Le plus dur a donc été forcément d’accepter ma blessure et ses conséquences. Ce n’était pas un choix d’arrêter donc j’ai un peu subi pendant les mois qui ont suivi… Il fallait trouver de nouveaux objectifs en dehors du haut niveau. Ce qui m’a manqué, c’est clairement la compétition, se mesurer aux autres, la rivalité et l’adrénaline qu’on ressent avant le concours. Mais ce qui est le plus difficile à retrouver, voire impossible, c’est la sensation de voler, ce court instant où le temps est suspendu.

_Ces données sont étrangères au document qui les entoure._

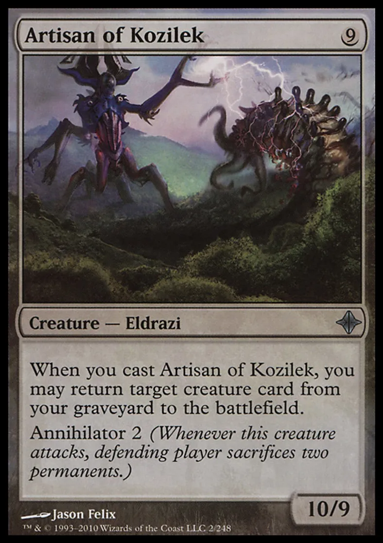 | Oracle Text | When you cast Artisan of Kozilek, you may return target creature card from your graveyard to the battlefield. Annihilator 2 (Whenever this creature attacks, defending player sacrifices two permanents.) | ||
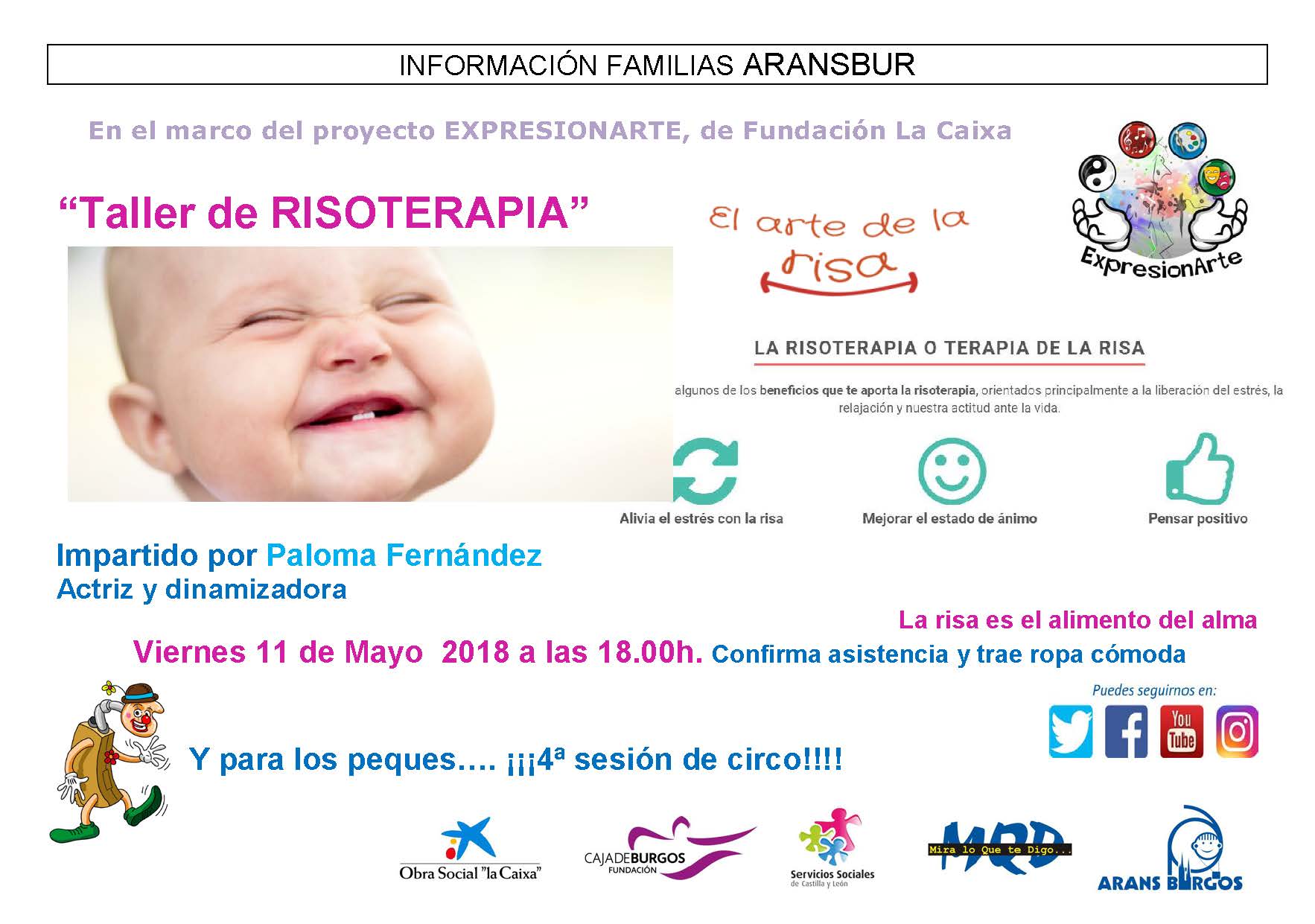 Taller de risoterapia. Viernes 11 de Mayo. Impartido por Paloma Fernández, actriz y dinamizadora.
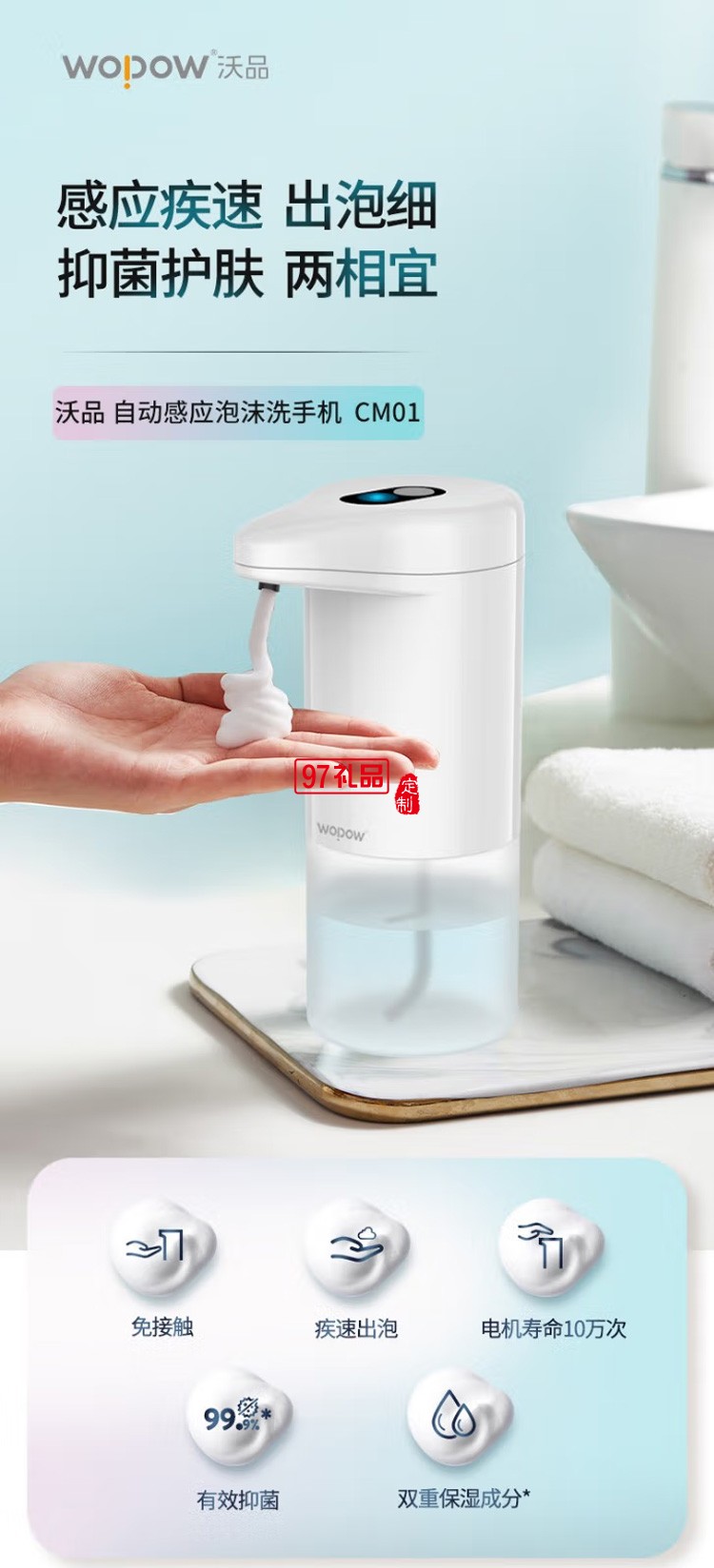 沃品(WOPOW) CM01自動感應(yīng)洗手機 白色定制公司廣告禮品

- Si vous aviez la possibilité de participer à une compétition, quelle serait-elle ? Avec quel athlète actuel aimeriez-vous concourir ?
Sans surprise, les Jeux olympiques ! C’était mon rêve de petite fille. Il n’y a pas une athlète en particulier avec qui j’aimerais concourir, mais me confronter aux meilleures mondiales du moment, cela c’est sûr que j’adorerais. Le niveau du saut féminin mondial a tellement augmenté que je serais curieuse de savoir si, avec un entraînement militaire, je serais capable de rivaliser ou s’il vaut mieux que je retourne sur mon canapé.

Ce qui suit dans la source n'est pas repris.